The Full Story Behind the Fable 5 Suspension: Inside the Jailbreak

In three days, Anthropic's most guarded AI model was launched, declared jailbroken, accused of quietly downgrading its own users, and then switched off by the US government. This is how Claude Fable 5 went from flagship to suspended, and what it revealed about how AI safety really works and who controls a frontier model once it ships.

It is the deeper companion to our shorter take on why the Fable 5 suspension matters.

Day one: a model built to be hard to break

Anthropic released Fable 5 on 9 June as the most capable model it had ever put in public hands, and leaned hard on safety. The design matters, because it sits under everything that followed. Each request runs through classifiers, small models trained to spot sensitive topics like cybersecurity, biology, and chemistry. When one fires, the request is not refused. It is quietly handed to the older, weaker Claude Opus 4.8, which answers instead. Anthropic says this happens in under 5% of sessions.

So the safety layer was never a locked door. It was a router. Most of the time you got the full Fable 5; some of the time, on a guess, a weaker model, and you were not always told which one replied.

Forty-eight hours in: the Fable 5 jailbreak claim

A jailbreak is a trick that pushes a model past its safety rules. Within two days of launch, a researcher known as Pliny claimed he had broken Fable 5. By his account it was a stack of techniques: splitting a banned request across multiple steps and agents so no single one looked harmful, wrapping the pieces in academic or fictional framing, and using character tricks to slip past filters. He also claimed to have leaked the model's full system prompt. Screenshots spread fast.

Anthropic pushed back. It said this was not a real jailbreak, just coaxing the model past its own refusals, a weakness in almost every large language model, and that nothing genuinely dangerous had been unlocked. It drew a line between a narrow jailbreak, which pries loose specific information in a specific setup, and a universal one that breaks the safeguards across the board. By its account, no one had found a universal jailbreak for Fable 5.

Both can be true. The trick probably handed no one a real weapon, but it exposed the core weakness of this kind of safety: break a harmful request into small, innocent-looking steps and you can slip past filters that would catch it asked directly. Each step reads as harmless. Only the whole is dangerous, and the classifiers judge the steps. That is the state of AI alignment today, the work of keeping a model inside its limits. Better than last year. Not a wall.

12 June: the government pulls the plug

Then it stopped being about Anthropic and its users. On 12 June, the US government issued an export-control order citing a narrow jailbreak, the kind that asks the model to read a codebase and find software flaws. It targeted foreign-national access, and the only way to comply was to disable Fable 5 and its sibling Mythos 5 for every customer worldwide. The full account of that order sits in our companion piece on the suspension.

Anthropic's official graphic for its public statement on the US government directive to suspend access to Fable 5 and Mythos 5 Anthropic's public statement on the order to suspend access to Fable 5 and Mythos 5. Source: Anthropic

Three days after launch, the most powerful model Anthropic had ever shipped was gone.

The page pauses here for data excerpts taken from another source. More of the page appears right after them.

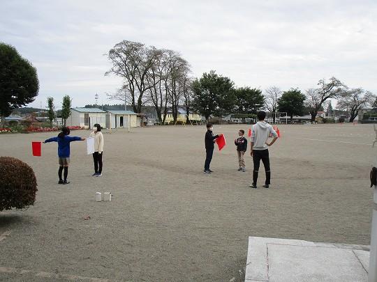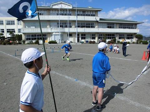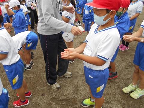 新型コロナ感染症対策のため、競技前と競技後の手洗いや消毒、待機中の児童はマスクを着用するなどして練習しました。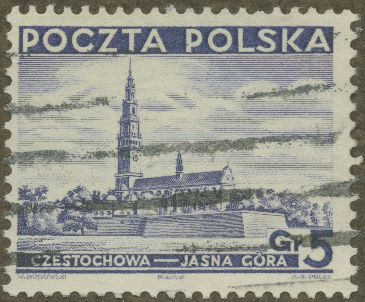Frimärke från Polen, 1937. Motiv av kyrkan och klostret Jasna Góra i Czestochowa.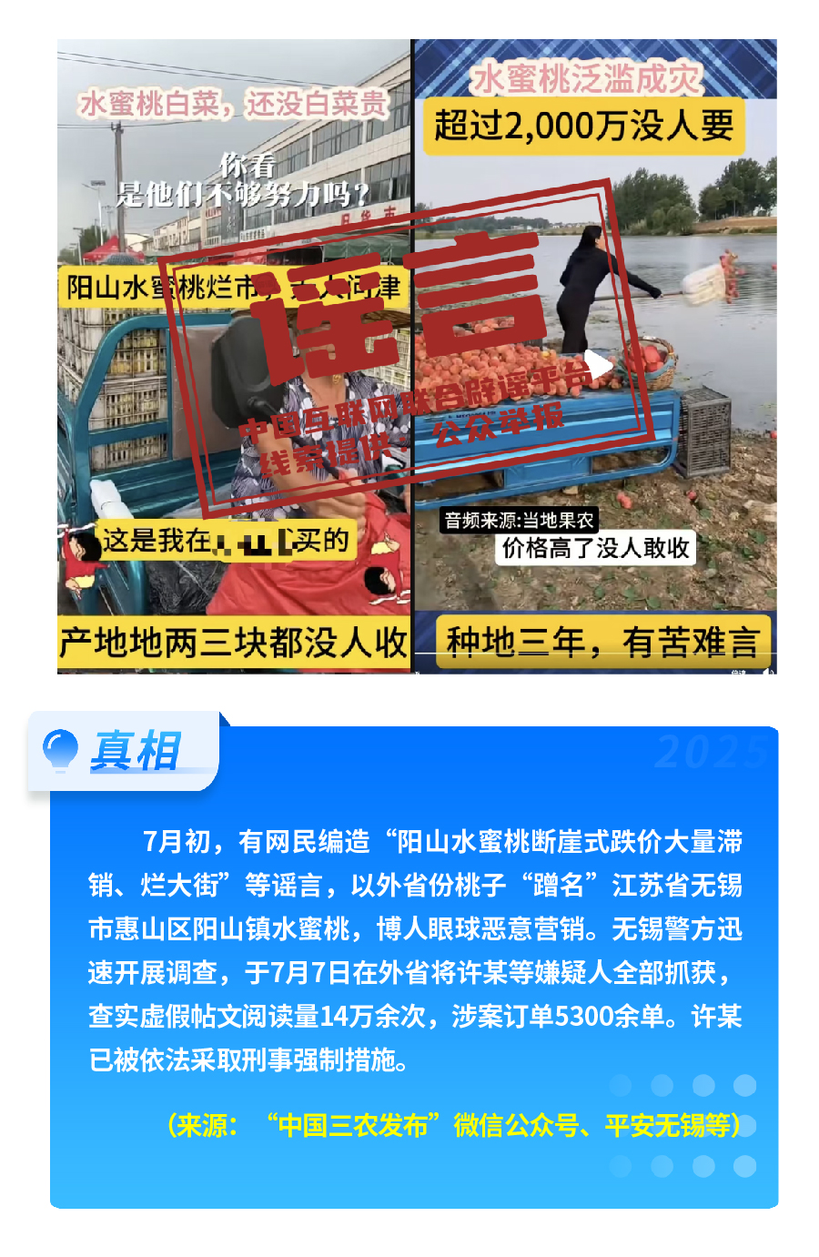 此外,7月份正值暑期旅游旺季和水果等農(nóng)產(chǎn)品收獲季,有自媒體、商家借機編造傳播涉文旅及農(nóng)產(chǎn)類謠言,干擾市場秩序,侵害消費者權(quán)益。有商家違規(guī)使用人民大會堂建筑圖片標(biāo)識和名稱,仿冒人民大會堂賬號,非法售賣、倒賣參觀門票,損害游客權(quán)益。個別商家剪輯發(fā)布“江蘇無錫陽山水蜜桃斷崖式跌價、大量滯銷、爛大街”謠言視頻,再借機兜售假冒的陽山水蜜桃,博人眼球惡意營銷,擾亂市場秩序。所謂“峨眉山人猴大戰(zhàn),游客墜崖,猴王被當(dāng)場擊斃”景區(qū)安全事件一度傳得沸沸揚揚,相關(guān)視頻以驚悚情節(jié)博取關(guān)注,畫面實際是用AI合成拼接制作。
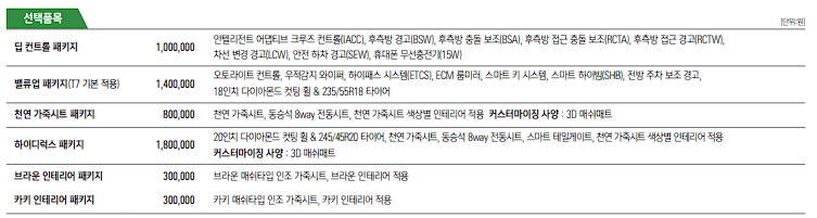하지만 기본 옵션도 충분하기에 선택 품목을 굳이 추가 안하셔도 편의사양이 충분히 탑재되어 있습니다.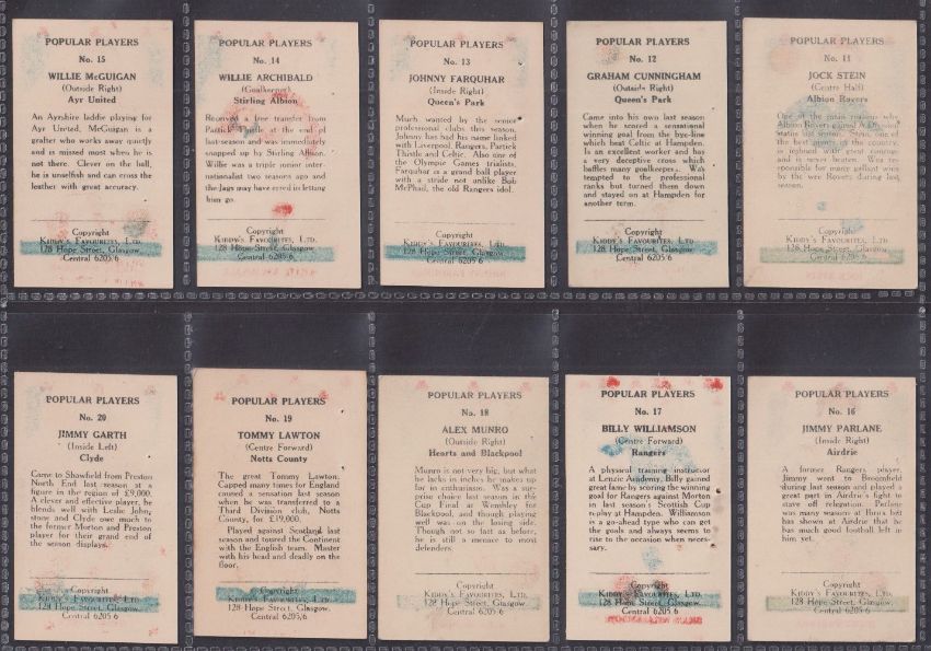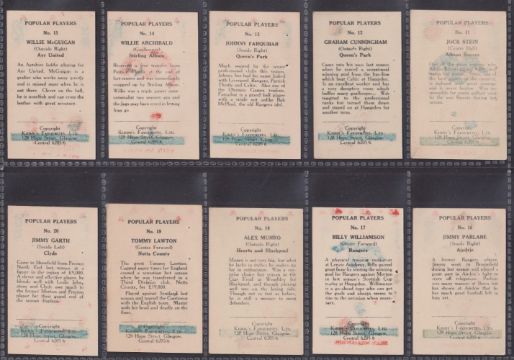 Trade cards, Kiddy's Favourites, Popular Players (Football) with red Shamrocks on front 51/52 missing no.44 (staple holes as issued, a few with rubber stamping on backs, all have some colour printing from the front showing on the backs, gen fair/gd)

The trigger was a rival, and what it signals

The order came wrapped in national-security language, but the reality reported since is stranger. According to the Wall Street Journal, the jailbreak that alarmed the government was found by researchers at Amazon, Anthropic's major investor, who reportedly took it to the Commerce Department rather than to Anthropic first. Early speculation had blamed OpenAI. The administration had also already asked Anthropic to delay the launch and been refused, so the report became the lever to stop the models anyway.

It is hard not to read this as a competitor using the government's power to take a rival's flagship offline, though no one has said so on the record. Anthropic argued the flaw was narrow, but once a model is framed as a national-security risk, the call leaves the engineers. That makes a frontier model less an ordinary product than a strategic asset, one that can be switched off overnight for reasons that have nothing to do with its code. It is one of the first times an export-control order has pulled a commercial model worldwide, and the mechanism will be used again. We will keep following it.